==== The data

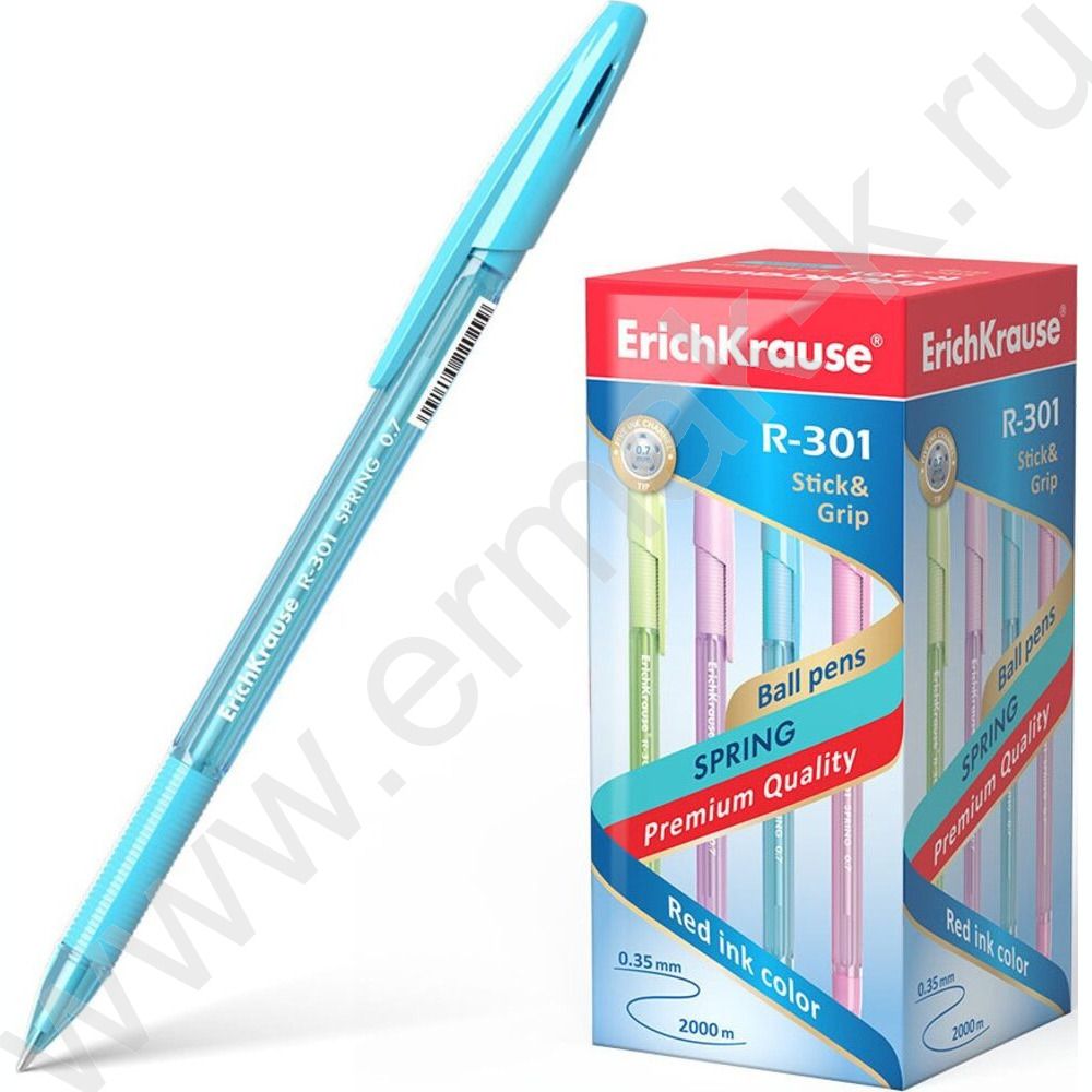 Ручка шар R-301 Stick&Grip Spring 0,7мм синяя с резин.держателем
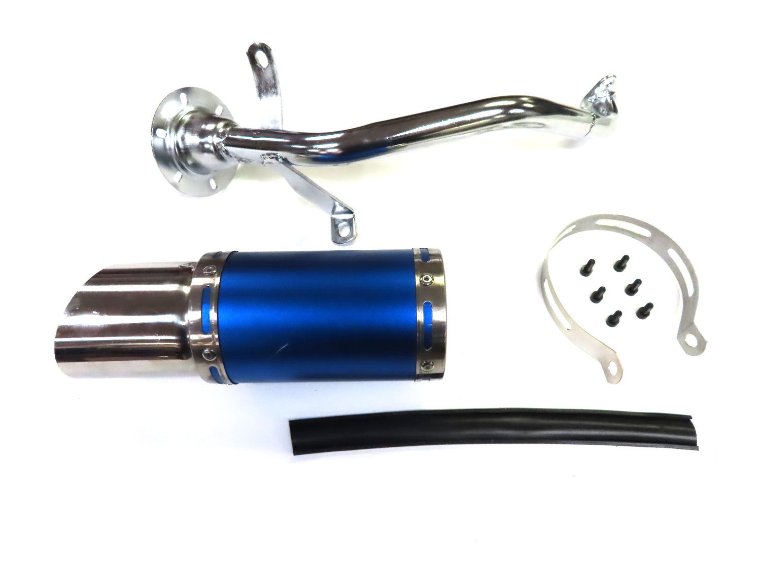 - Note: This blue Short Performance Exhaust System for GY6 150cc Scooters & Go-Karts is missing the gasket. In addition there are a few minor scratches on the chrome pipe & blue muffler body.
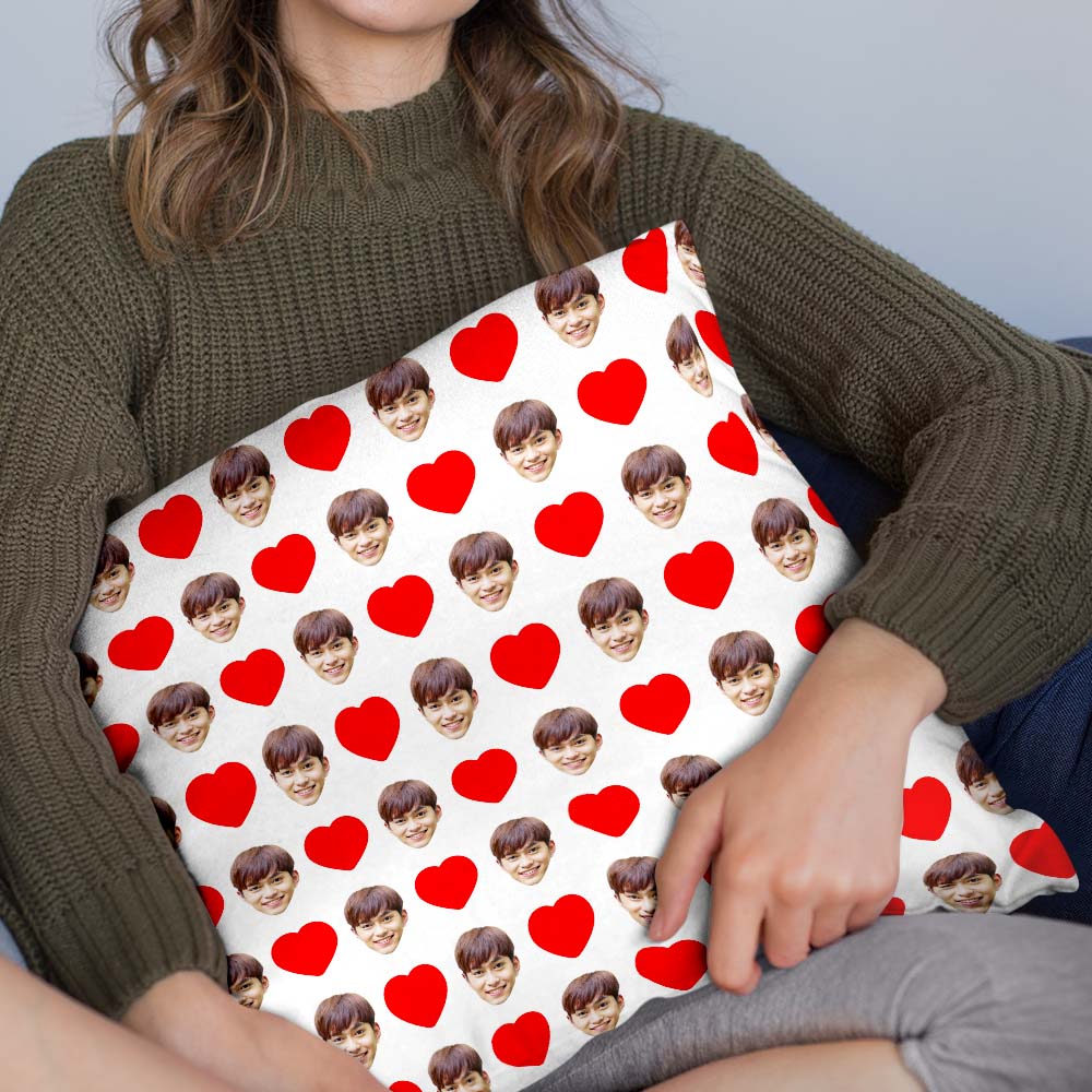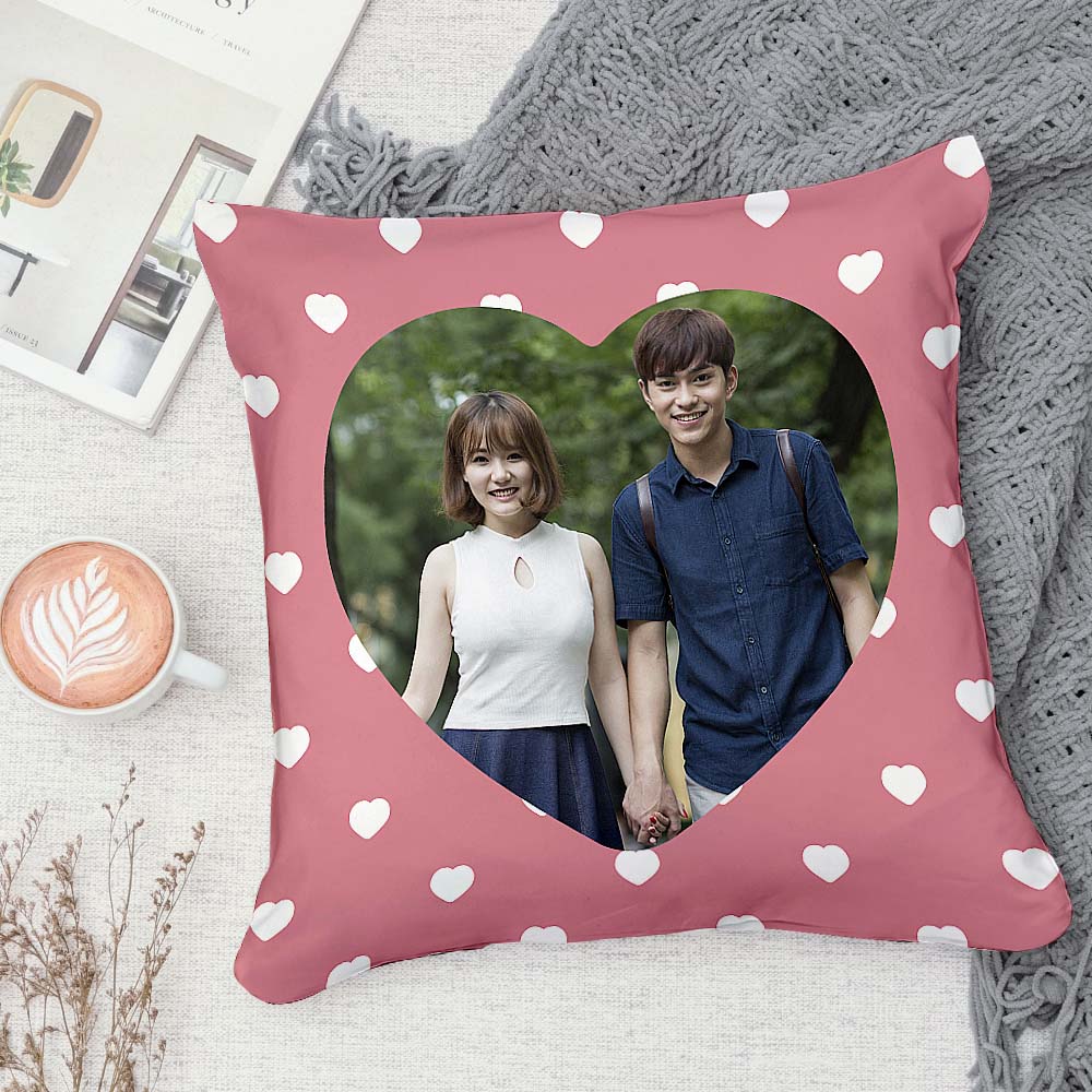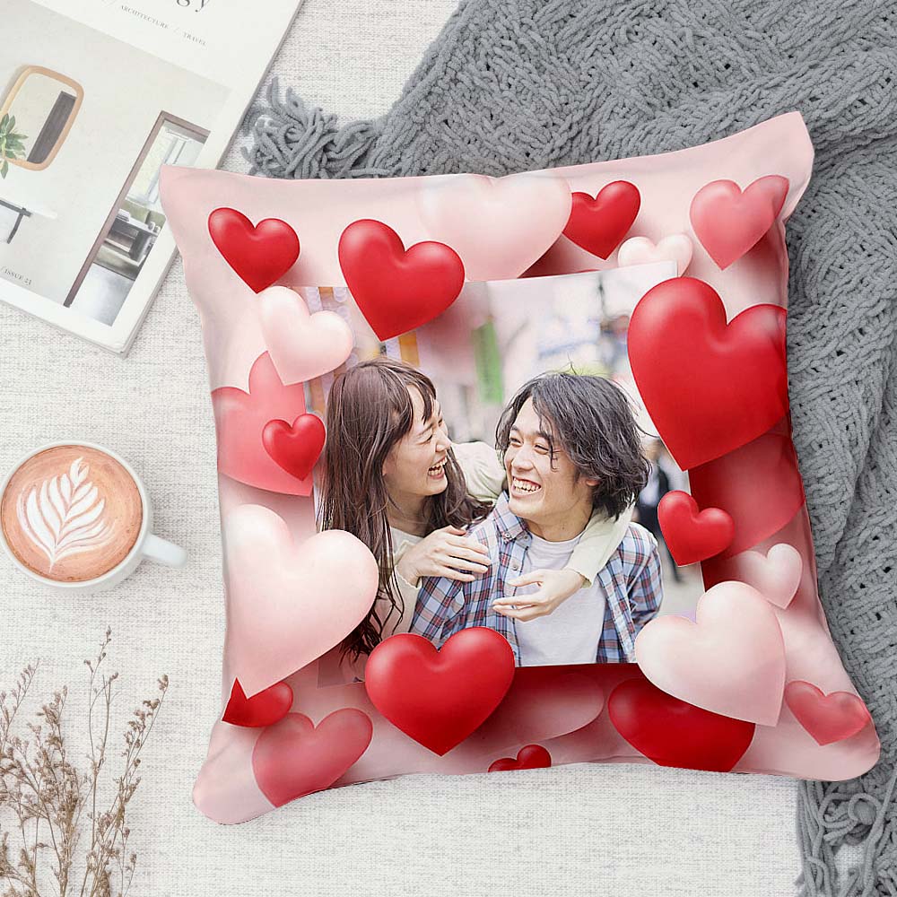 カスタムフォトクッション-写真入れ可能なオリジナル抱き枕ギフト大切な人へのバレンタインプレゼント-ハートだらけ

========

◆ To do ◆
Could you output the entire listing verbatim while omitting its pictures?

◆ Solution below ◆
 Ручка шар R-301 Stick&Grip Spring 0,7мм синяя с резин.держателем
 - Note: This blue Short Performance Exhaust System for GY6 150cc Scooters & Go-Karts is missing the gasket. In addition there are a few minor scratches on the chrome pipe & blue muffler body.
 カスタムフォトクッション-写真入れ可能なオリジナル抱き枕ギフト大切な人へのバレンタインプレゼント-ハートだらけ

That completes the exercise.